D'une part parce que c'est chiant et d'autre part parce que c'est pas toujours possible. 
Sur Alpha dans creuset de l'éternité, je me vois mal écrire "1, 2, dodge" pour que vous esquiviez au bon moment.
Je ne vous demande pas de parler, juste d'écouter.
*Débloquez toutes les compétences non raciales et les aptitudes avant de venir.*
Pour la plupart des donjons, je vous demanderai juste d'avoir certaines compétences (mur de renvoi ou d'absorption, suppression d'altérations, etc...).
Cependant, si le donjon se passe trop mal, je vous demanderai de passer sur un build optimisé.
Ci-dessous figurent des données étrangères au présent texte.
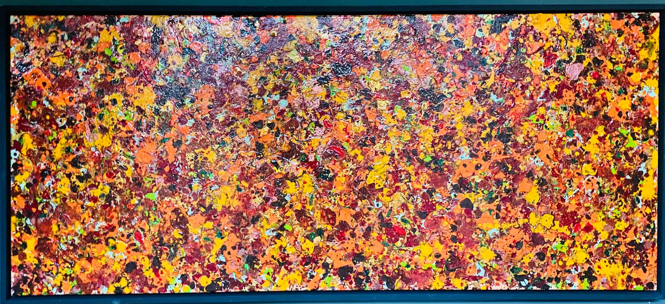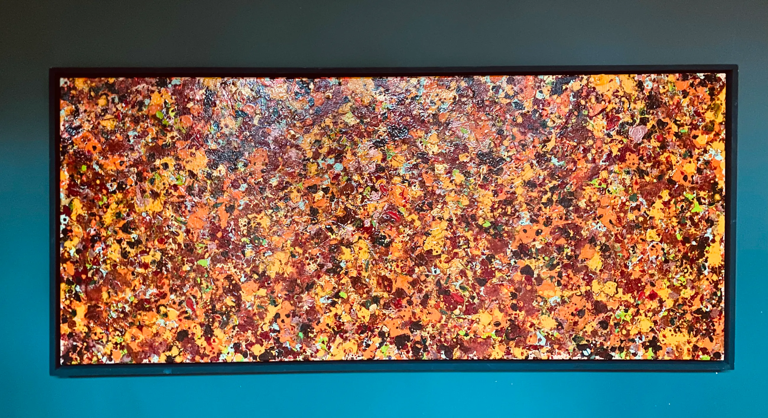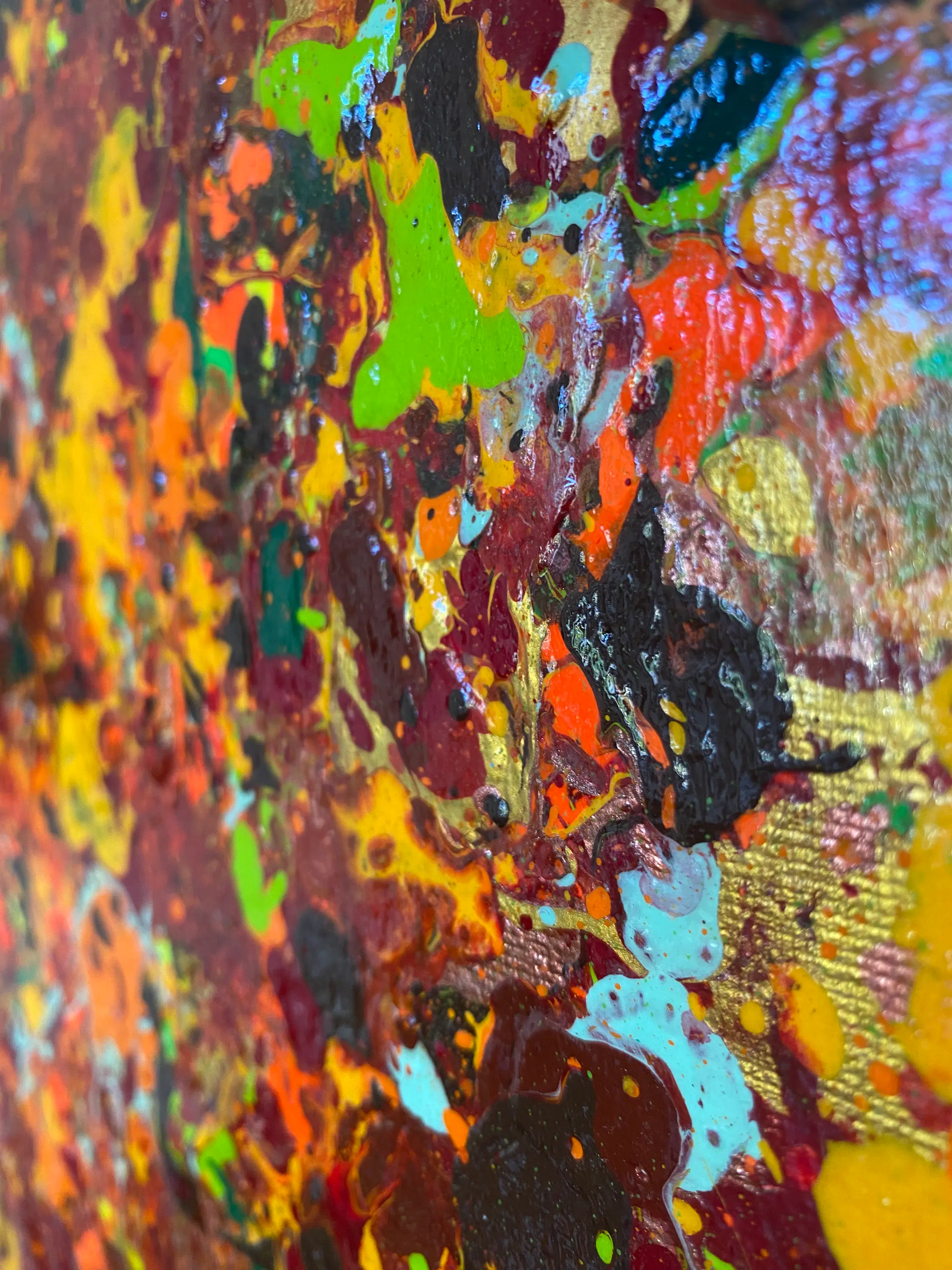 Schilderij in Action Painting. Geïnspireerd door kunstenaars als Jackson Pollock, waarbij verf op het doek wordt gespat, gedruppeld of gegooid om beweging en energie vast te leggen.

En somme, si j'estime que ça ne passera pas dans la configuration actuelle (aptitude / compétence), je vous demanderai d'en changer afin de facilité le passage.
Pour certains donjons (arah C4 notamment), vous n'aurez pas de choix du tout : j'imposerai l'équipement en plus des aptitudes et des compétences. 
C'est pas que ça me fasse spécialement plaisir, mais Simin a des pré-requis vraiment spécifique.
*Appliquez les stratégies*
Il peut m'arriver de dire des conneries, comme tout le monde mais globalement, si je me propose pour expliquer des instances, c'est que j'ai un minimum d'expérience dans le domaine.
Il arrive que la stratégie que je vous explique ne fonctionne pas avec la composition du groupe actuel : le dernier boss de caudecus peut se faire au corps à corps quand on a assez de dispel, mais quand on a un groupe qui n'est pas optimisé pour ce boss, il faut le faire à distance.
Généralement, j'expliquerais des stratégies adaptées aux joueurs un minimum optimisé (_précision en dessous_) mais si le groupe n'a pas les prérequis, j'expliquerais la stratégie alternative.
*Cerveau branché.*
Je ne vous éduque pas, je vous explique des stratégies.
Si je ne vous dis pas "esquive" alors qu'il y a une grosse zone rouge au sol, faites quand même une esquive.
*Ne prenez pas la mouche.*
Parfois, je serai de mauvaise humeur, parfois je serai fatigué. 
Rarement, mais ça peut arriver, je peux prendre le temps d'expliquer une instance alors que j'avais pas prévu de le faire donc ça se ressentira.
Souvent, je troll.
Ce n'est *jamais* personnel.
Si quelque chose ne va pas, vous me le dites sur le moment.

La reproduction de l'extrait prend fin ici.